His words were so shocking to her, Blythe had to take a moment to really let their meaning sink in. He wanted to adopt? Since when? But like he'd said, they'd never talked about children or what the ideal family would like to either of them.

Because she never allowed them to delve into discussions of the future.

"Some?" she asked faintly. "How many is some."

"Well, no more than four probably, maybe five. Not a baseball team anyway." He said it like wanting to adopt any number less than fielding a baseball team of nine was no big deal.

"You and I both work." Four, maybe five children?

"And we have the means to hire help, but surely we can both cut hours if necessary to give the love and attention our children will need."

"You make it sound so easy."

"Because it can be."

"Adoption?" she asked, still reeling from the knowledge he didn't just see it as a solution to her infertility but as a desired component to building a family.

"It was always part of my plan for the future."

"Always?"

"Since seeing the ravages of war."

She believed it. Blythe, more than anyone else, knew the horrors he'd seen, and understood how those deprivations he'd witnessed had made him want to do something to continue to help the helpless.

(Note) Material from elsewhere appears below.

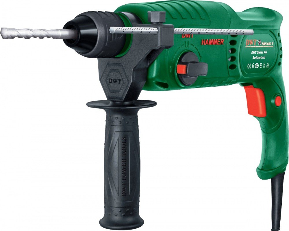 Перфоратор модели DWT SBH-600 T станет неотъемлемой частью набора необходимых инструментов как профессионального строителя, так и любого хозяина дома. Данная модель электроинструмента отлично справится с долблением, сверлением и даже, при необходимости, штробильными работами, к примеру для прокладки проводки, на любых типах самых твердых материалов, будь то кирпич или бетон.

Children left without parents, for whatever reason.

"You never said."

"You changed the topic every time the future or children or parenthood came up."

She had. She knew she had. "You know why now."

"Yes, but now you know that your infertility is not a barrier between us. It only makes you more perfect for me."

"How can you say that?" she asked in shock.

"Because I would rather adopt than have biological children. Another woman might see that as a detriment."

"I wouldn't have, even if I could have children," she assured him.